> **SUPPLIED INFORMATION**

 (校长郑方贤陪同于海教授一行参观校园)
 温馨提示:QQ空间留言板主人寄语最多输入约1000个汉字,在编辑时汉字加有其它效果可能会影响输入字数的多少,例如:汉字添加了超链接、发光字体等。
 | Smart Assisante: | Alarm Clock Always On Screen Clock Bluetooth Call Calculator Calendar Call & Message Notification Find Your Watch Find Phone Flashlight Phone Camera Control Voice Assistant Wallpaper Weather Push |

==

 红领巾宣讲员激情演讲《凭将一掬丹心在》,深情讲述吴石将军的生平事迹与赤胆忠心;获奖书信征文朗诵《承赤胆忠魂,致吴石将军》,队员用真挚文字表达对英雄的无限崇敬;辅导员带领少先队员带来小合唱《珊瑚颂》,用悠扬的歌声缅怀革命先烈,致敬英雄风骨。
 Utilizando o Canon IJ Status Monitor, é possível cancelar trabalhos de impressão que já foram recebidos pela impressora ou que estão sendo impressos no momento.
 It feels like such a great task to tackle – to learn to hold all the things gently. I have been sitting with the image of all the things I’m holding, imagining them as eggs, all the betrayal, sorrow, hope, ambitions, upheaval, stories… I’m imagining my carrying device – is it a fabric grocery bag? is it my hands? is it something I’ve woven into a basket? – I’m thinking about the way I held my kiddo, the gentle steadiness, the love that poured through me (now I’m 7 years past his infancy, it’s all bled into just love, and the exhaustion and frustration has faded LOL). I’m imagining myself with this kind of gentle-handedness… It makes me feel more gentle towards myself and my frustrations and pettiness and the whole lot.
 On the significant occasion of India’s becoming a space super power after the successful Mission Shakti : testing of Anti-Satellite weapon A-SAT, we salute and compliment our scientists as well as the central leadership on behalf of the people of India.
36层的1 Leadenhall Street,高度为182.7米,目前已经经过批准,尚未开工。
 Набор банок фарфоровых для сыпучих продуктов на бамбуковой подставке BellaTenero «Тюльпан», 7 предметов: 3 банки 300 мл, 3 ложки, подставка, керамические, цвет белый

...

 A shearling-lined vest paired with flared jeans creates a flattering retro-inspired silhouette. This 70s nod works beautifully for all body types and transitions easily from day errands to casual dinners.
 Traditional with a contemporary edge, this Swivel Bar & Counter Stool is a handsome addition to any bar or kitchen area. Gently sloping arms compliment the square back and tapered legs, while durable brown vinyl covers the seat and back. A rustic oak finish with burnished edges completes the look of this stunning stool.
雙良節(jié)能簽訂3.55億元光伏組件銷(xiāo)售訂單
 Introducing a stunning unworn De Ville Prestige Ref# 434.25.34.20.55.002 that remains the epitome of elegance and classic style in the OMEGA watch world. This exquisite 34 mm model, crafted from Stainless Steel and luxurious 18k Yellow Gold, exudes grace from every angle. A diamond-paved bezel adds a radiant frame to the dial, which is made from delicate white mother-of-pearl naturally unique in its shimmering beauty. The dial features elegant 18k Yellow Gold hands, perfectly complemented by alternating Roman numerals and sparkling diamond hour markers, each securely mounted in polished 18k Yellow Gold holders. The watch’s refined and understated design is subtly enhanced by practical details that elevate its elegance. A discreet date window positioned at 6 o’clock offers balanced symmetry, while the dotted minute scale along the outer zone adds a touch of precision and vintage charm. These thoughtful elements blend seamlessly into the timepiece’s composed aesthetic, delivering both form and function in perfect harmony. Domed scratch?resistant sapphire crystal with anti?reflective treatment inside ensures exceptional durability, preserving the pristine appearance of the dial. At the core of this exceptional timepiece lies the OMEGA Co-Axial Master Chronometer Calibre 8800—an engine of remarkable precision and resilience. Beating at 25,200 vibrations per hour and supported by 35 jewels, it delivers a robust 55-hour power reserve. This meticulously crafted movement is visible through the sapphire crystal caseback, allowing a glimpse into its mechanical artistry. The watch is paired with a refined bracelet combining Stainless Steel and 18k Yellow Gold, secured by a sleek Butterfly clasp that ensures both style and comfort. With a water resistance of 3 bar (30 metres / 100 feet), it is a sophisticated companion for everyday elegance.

> **WHAT NEEDS TO BE DONE**
From the listing above, give the number of lines in which the word "compliment" occurs, and nothing else.

> **YOUR RESPONSE**
2